= PROVIDED ENTRIES =
:::
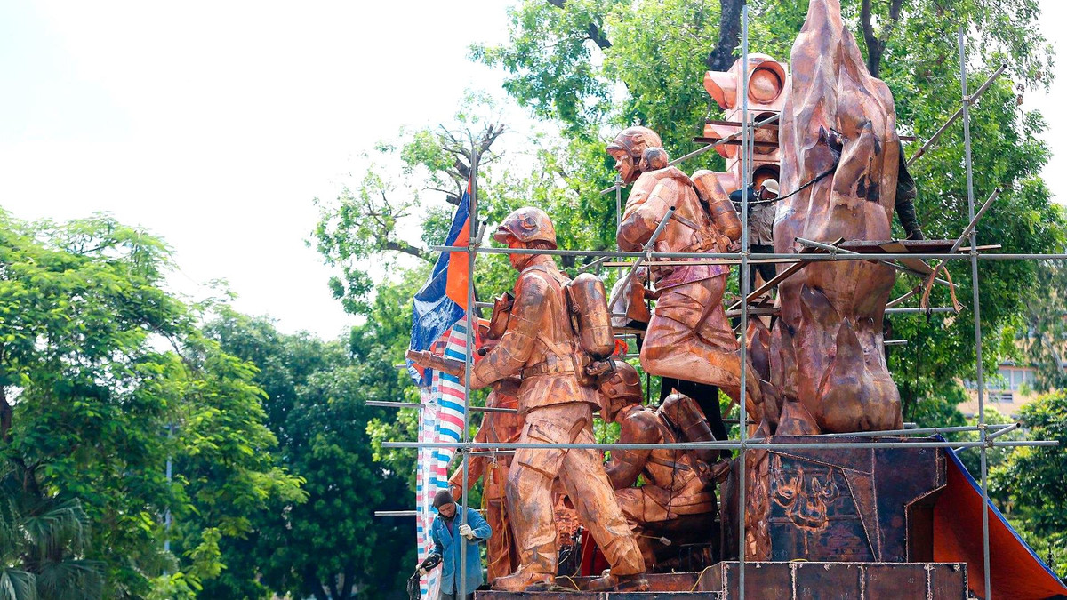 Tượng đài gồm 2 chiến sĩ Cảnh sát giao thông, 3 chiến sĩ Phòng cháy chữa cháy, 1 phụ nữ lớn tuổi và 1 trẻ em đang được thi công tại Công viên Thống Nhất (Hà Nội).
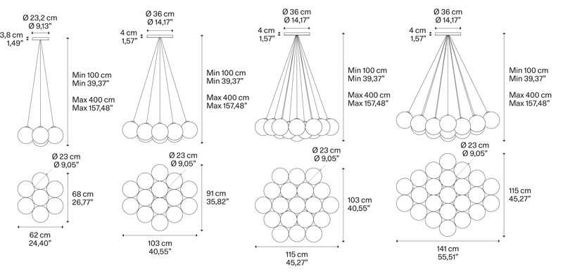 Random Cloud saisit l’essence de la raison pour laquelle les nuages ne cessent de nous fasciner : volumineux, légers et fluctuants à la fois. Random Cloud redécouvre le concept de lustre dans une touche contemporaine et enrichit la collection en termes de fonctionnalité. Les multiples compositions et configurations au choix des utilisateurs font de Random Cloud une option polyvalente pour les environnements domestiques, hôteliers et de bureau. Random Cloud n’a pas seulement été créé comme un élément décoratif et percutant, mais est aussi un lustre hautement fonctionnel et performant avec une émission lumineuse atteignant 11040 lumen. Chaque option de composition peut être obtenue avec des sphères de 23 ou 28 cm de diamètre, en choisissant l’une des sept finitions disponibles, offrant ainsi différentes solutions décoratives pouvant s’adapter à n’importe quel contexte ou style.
:::
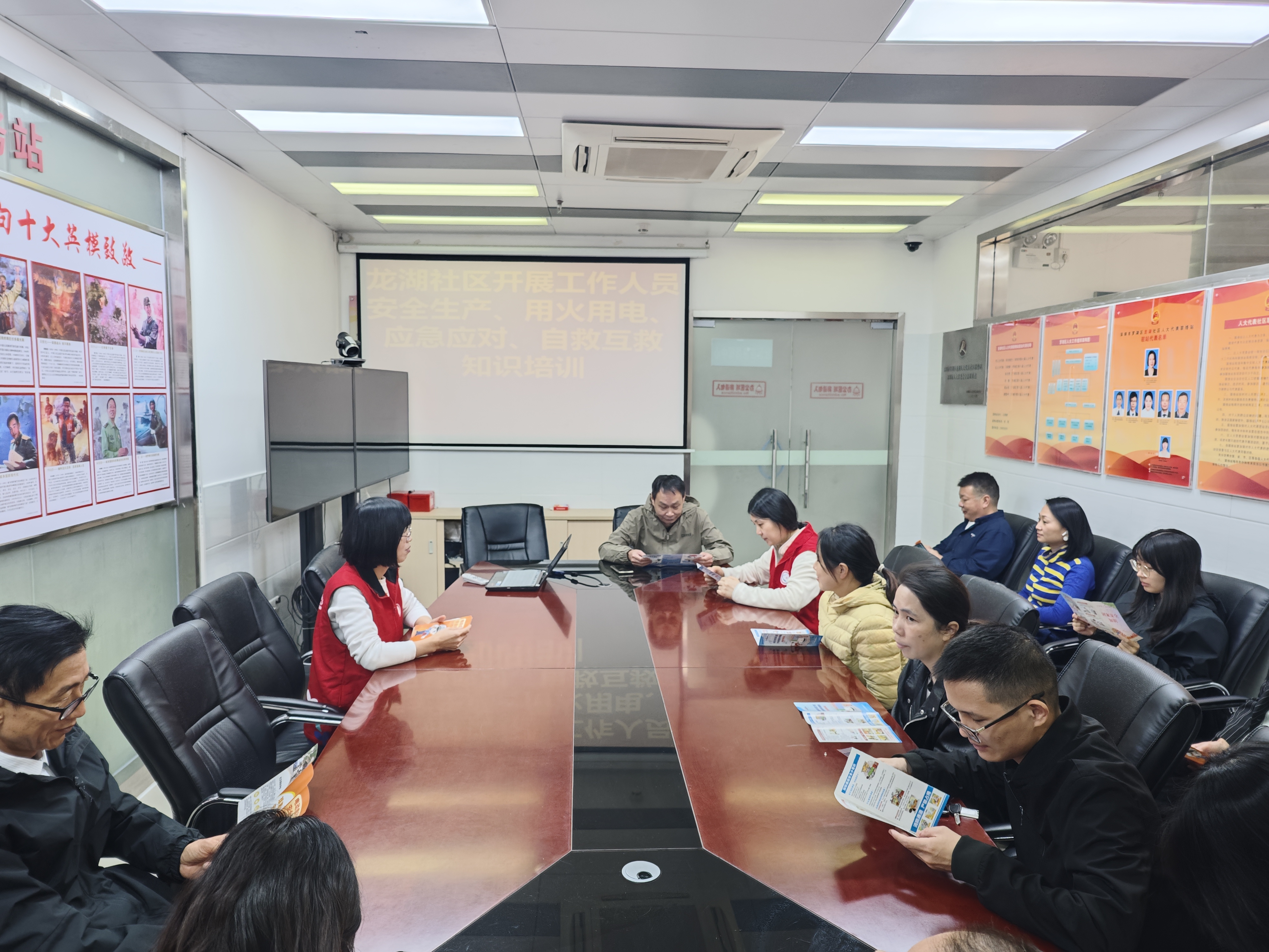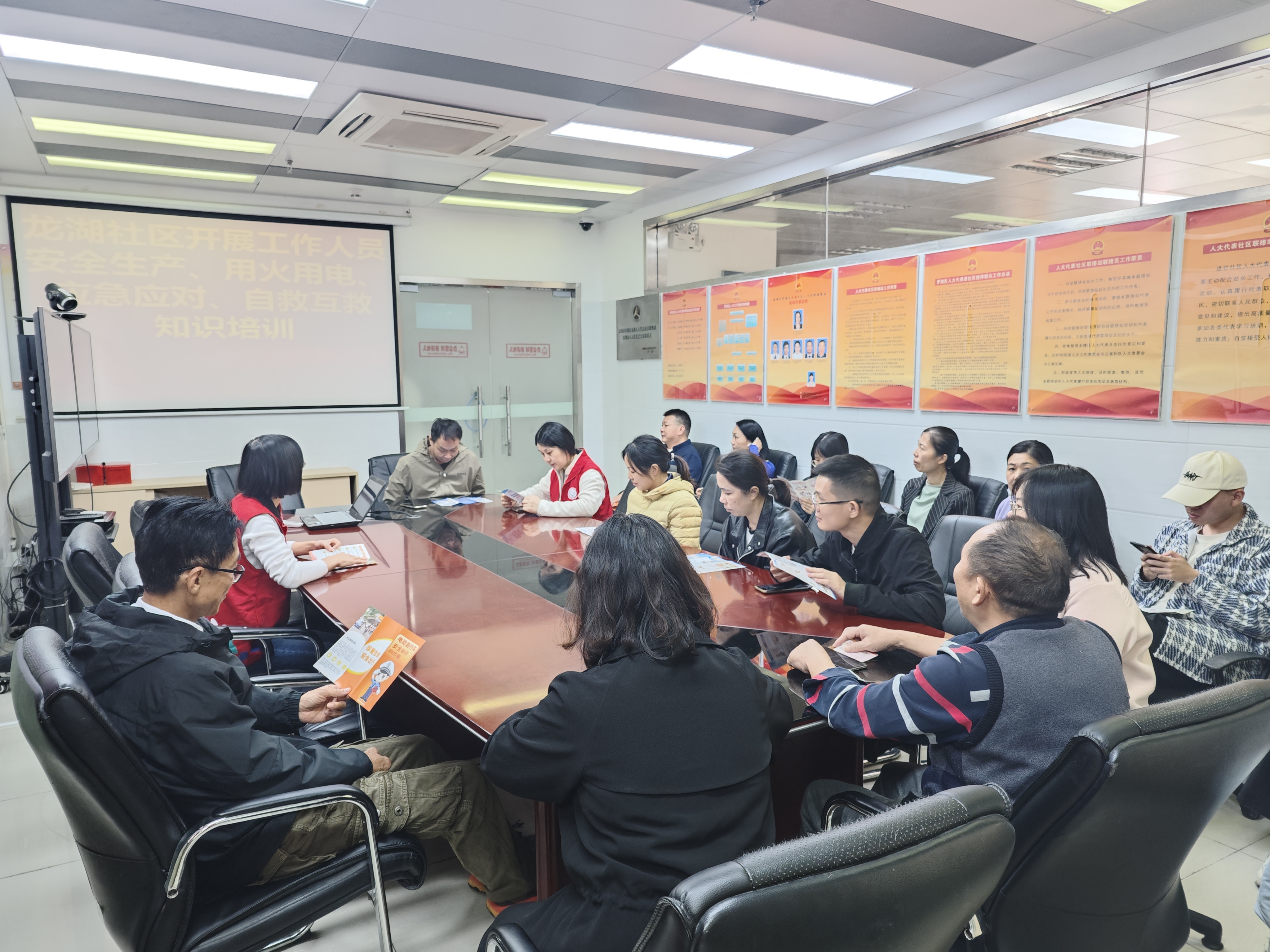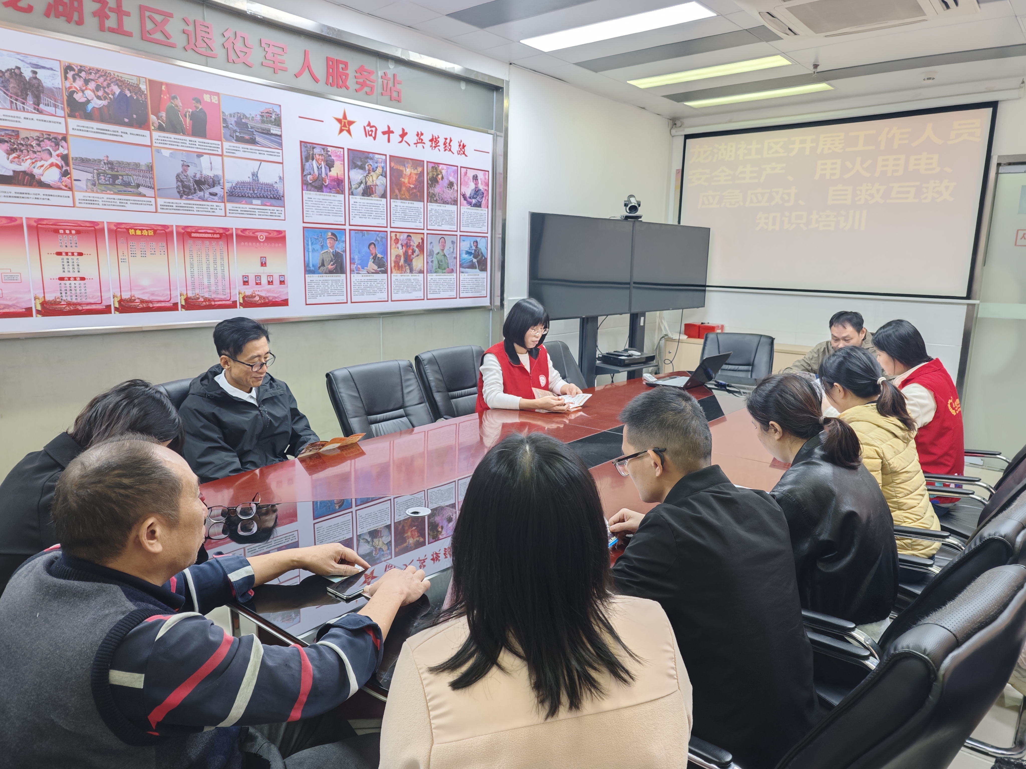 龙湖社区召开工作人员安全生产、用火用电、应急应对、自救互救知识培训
:::
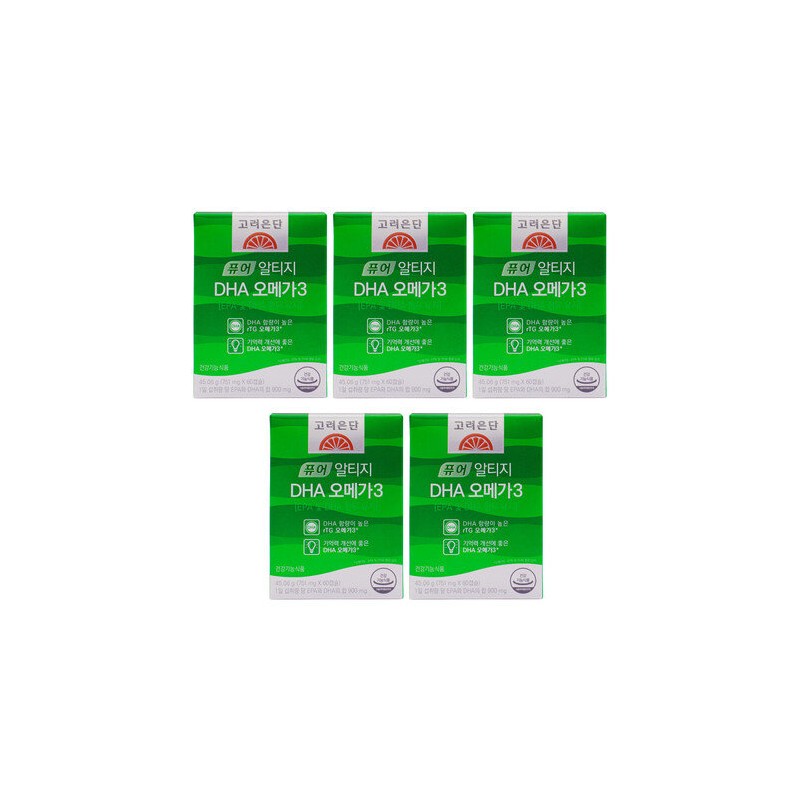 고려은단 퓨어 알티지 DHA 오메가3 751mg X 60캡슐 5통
:::
= PROBLEM TO SOLVE =
Look above for the line containing "Tượng đài gồm" and the line containing "Random Cloud saisit", then reproduce both and everything between them exactly, pictures omitted.

= TASK ANSWER =
 Tượng đài gồm 2 chiến sĩ Cảnh sát giao thông, 3 chiến sĩ Phòng cháy chữa cháy, 1 phụ nữ lớn tuổi và 1 trẻ em đang được thi công tại Công viên Thống Nhất (Hà Nội).
 Random Cloud saisit l’essence de la raison pour laquelle les nuages ne cessent de nous fasciner : volumineux, légers et fluctuants à la fois. Random Cloud redécouvre le concept de lustre dans une touche contemporaine et enrichit la collection en termes de fonctionnalité. Les multiples compositions et configurations au choix des utilisateurs font de Random Cloud une option polyvalente pour les environnements domestiques, hôteliers et de bureau. Random Cloud n’a pas seulement été créé comme un élément décoratif et percutant, mais est aussi un lustre hautement fonctionnel et performant avec une émission lumineuse atteignant 11040 lumen. Chaque option de composition peut être obtenue avec des sphères de 23 ou 28 cm de diamètre, en choisissant l’une des sept finitions disponibles, offrant ainsi différentes solutions décoratives pouvant s’adapter à n’importe quel contexte ou style.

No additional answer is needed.